**Description of the task**
Here the job is to transcribe only the lines from the one containing "All that said, I" through the last line below, exactly as written; please leave out pictures.

Collected data Start Marker

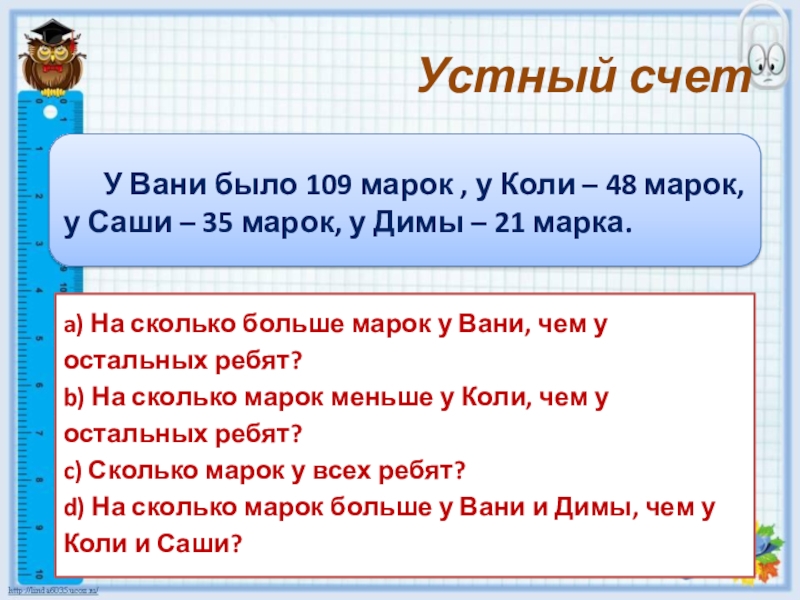 d) На сколько марок больше у Вани и Димы, чем у Коли и Саши?
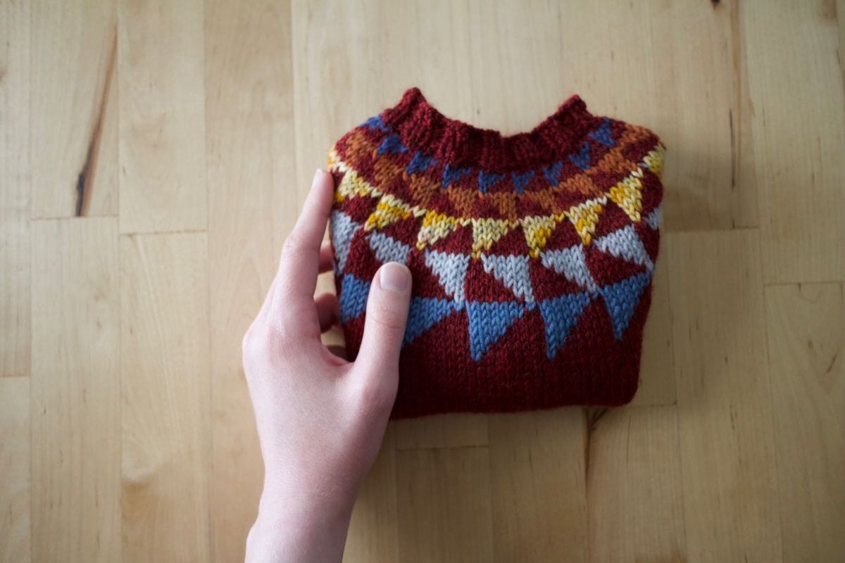 All that said, I would definitely knit a colorwork sweater for an infant again. Nicholas and I couldn't stop commenting on just how tiny and cute it was, especially compared to an adult hand, or when it was folded, oh my goodness.
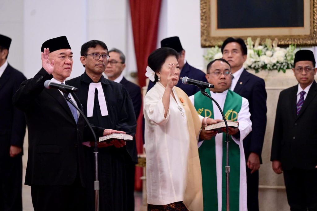 (Puspen TNI). Panglima TNI Jenderal TNI Agus Subiyanto menghadiri acara Pelantikan Wakil Ketua Anggota Dewan Ekonomi Nasional (DEN) Mari Elka Pangestu dan Anggota Dewan Ekonomi Nasional (DEN), yang dipimpin Presiden RI Prabowo Subianto bertempat di Istana Negara, Jakarta Pusat, Selasa (5/11/2024).

Collected data End Marker

**Response for this exercise**
 All that said, I would definitely knit a colorwork sweater for an infant again. Nicholas and I couldn't stop commenting on just how tiny and cute it was, especially compared to an adult hand, or when it was folded, oh my goodness.
 (Puspen TNI). Panglima TNI Jenderal TNI Agus Subiyanto menghadiri acara Pelantikan Wakil Ketua Anggota Dewan Ekonomi Nasional (DEN) Mari Elka Pangestu dan Anggota Dewan Ekonomi Nasional (DEN), yang dipimpin Presiden RI Prabowo Subianto bertempat di Istana Negara, Jakarta Pusat, Selasa (5/11/2024).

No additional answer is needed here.